Os moradores admitem que os bombeiros não podiam acorrer a tantos sítios ao mesmo tempo, mas passados dois dias após a tragédia e o "desespero" que os assola, fazem agora um apelo.

 

"Da igreja para cima há luz desde ontem de manhã, da igreja para baixo não há luz. O comer que estava nas arcas foi ou vai para o lixo. A água não tem pressão.

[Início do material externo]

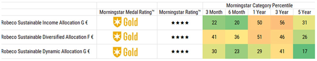 All Robeco’s Multi-Asset funds have exhibited strong long-term performance1 and been assigned the Gold Morningstar Medalist Rating™, as at 31.03.24.
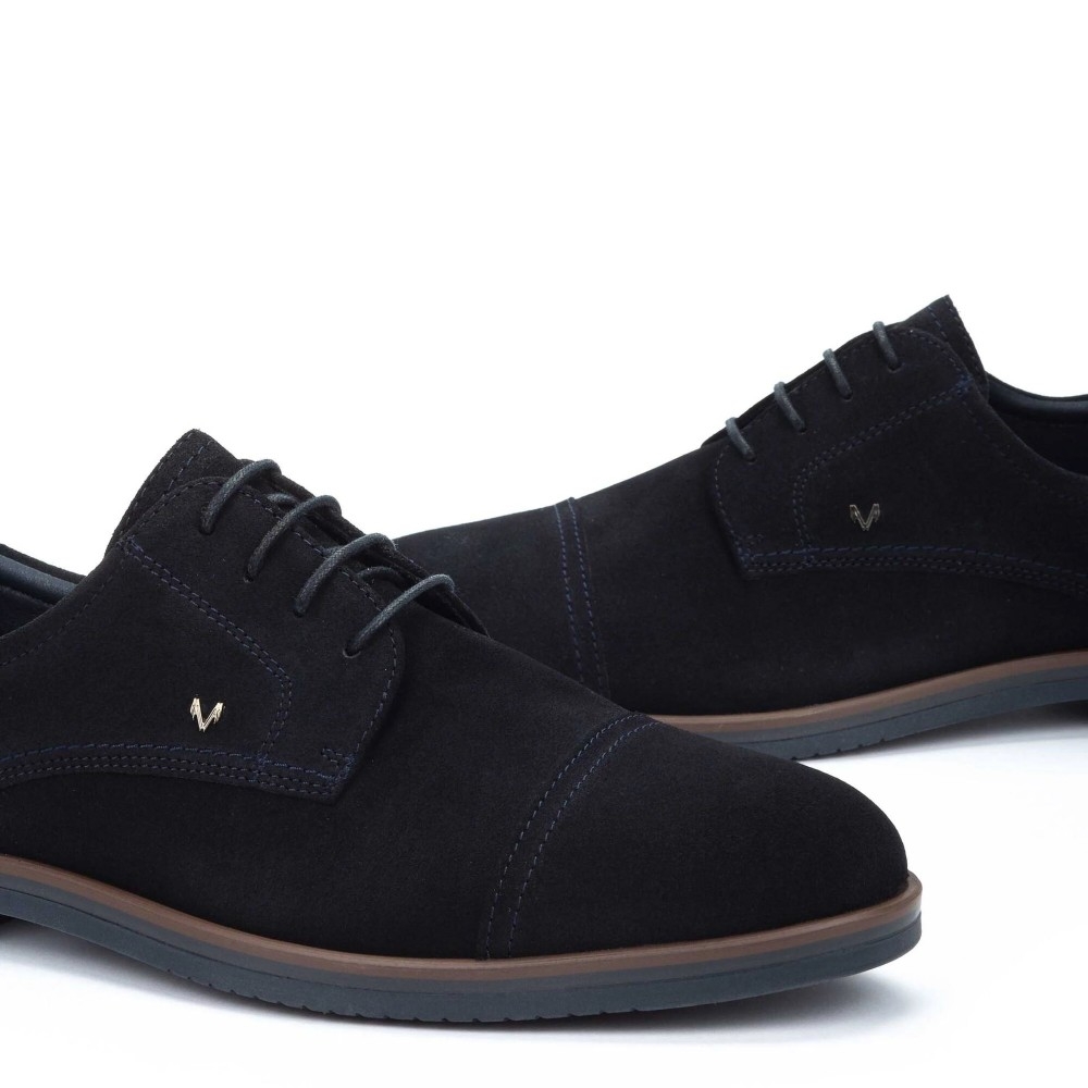 Zapato de piel para hombre en serraje con estilo blucher, punta almendrada y suela de 3,3 cm. Comodidad para el día a día, New Elegance. La elegancia actualizada.

As empresas que tratem disso: o que está perdido, está perdido, mas não ao menos não deixem desmoralizar as pessoas, como é o meu caso", pediu Vítor Bernardino, antes da despedida.

 

Ao percorrer as estradas entre as aldeias afectadas pelo incêndio que deflagrou no sábado em Pedrógão Grande e alastrou a concelhos vizinhos, o cenário é desolador: centenas ou milhares de hectares consumidos pelas chamas, o cheiro a terra queimada que ainda fumega, árvores arrancadas pela raiz, outras vergadas à força do vento e do fogo, carros carbonizados e casas completamente destruídas, algumas situadas nos vales pintados agora de negro e cinzento.

 

Quando se entra nas aldeias, parecem desabitadas, tão grande é o silêncio, que contrasta com as horas de angústia e pânico vividas. Os olhares das pessoas carregam a tristeza da perda e a incerteza do que o futuro lhes reserva perante tão grande dolorosa experiência.

 

"Tenho sete primos que morreram queimados, mas eu estou viva, o meu pai e a minha mãe estão vivos, alguns familiares do meu lado estão vivos, da parte o meu marido morreram. Ainda não estou muito em mim", conta de lágrimas nos olhos Isabel Carvalho, moradora na localidade de Casal de Além.

 

A meia dúzia de metros permanece o esqueleto de um automóvel consumido pelas chamas há 48 horas, perante a impotência do proprietário, que se limitou a observar a destruição, quando se encontrava num café ali ao lado, no qual arderam alguns anexos.

 

"Tenho 55 anos, estou aqui há trinta e tal anos, e nunca vi nada disto na minha vida. Começou a escurecer, ficámos sem luz, vou à janela do meu quarto e começo a ver umas chamas amarelas... foi num espaço de minutos, aquilo começou a alastrar. Estivemos toda a noite em vigia", relatou Isabel Carvalho, que com meia dúzia de vizinhos conseguiram defender as casas, e pede ajuda às autoridades.

 

A caminho da localidade de Valongo, o fumo permanece constante e intenso. Há muitas árvores caídas desviadas pera as bermas, fios e postes de electricidade e telecomunicações contorcidos.

 

Ao entrar no pequeno lugar isolado, vizinho de Escalos Fundeiros, onde o incêndio teve origem, o silêncio ensurdecedor só foi quebrado pela presença de Maria Bernardo, 54 anos, que hoje decidiu ficar em casa em vez de ir trabalhar, com receio de que as chamas regressem.

 

"Foram momentos muito complicados. Há duas noites que não vou à cama. Andamos sem vontade para nada. Hoje tinha patroa e não fui [trabalhar]. A minha casa é importante. O meu marido foi trabalhar, porque trabalha na junta de freguesia e já estavam a chamá-lo de manhã para ir outra vez para o fogo", relatou Maria Bernardo, que espera que esta tragédia nunca mais seja esquecida.

 

Ao lado da sua habitação está um armazém que guardava carrosséis e outras diversões itinerantes, que foi totalmente consumido pelas chamas. Restam apenas os ferros torcidos pelo calor do fogo e as memórias das alegrias proporcionadas.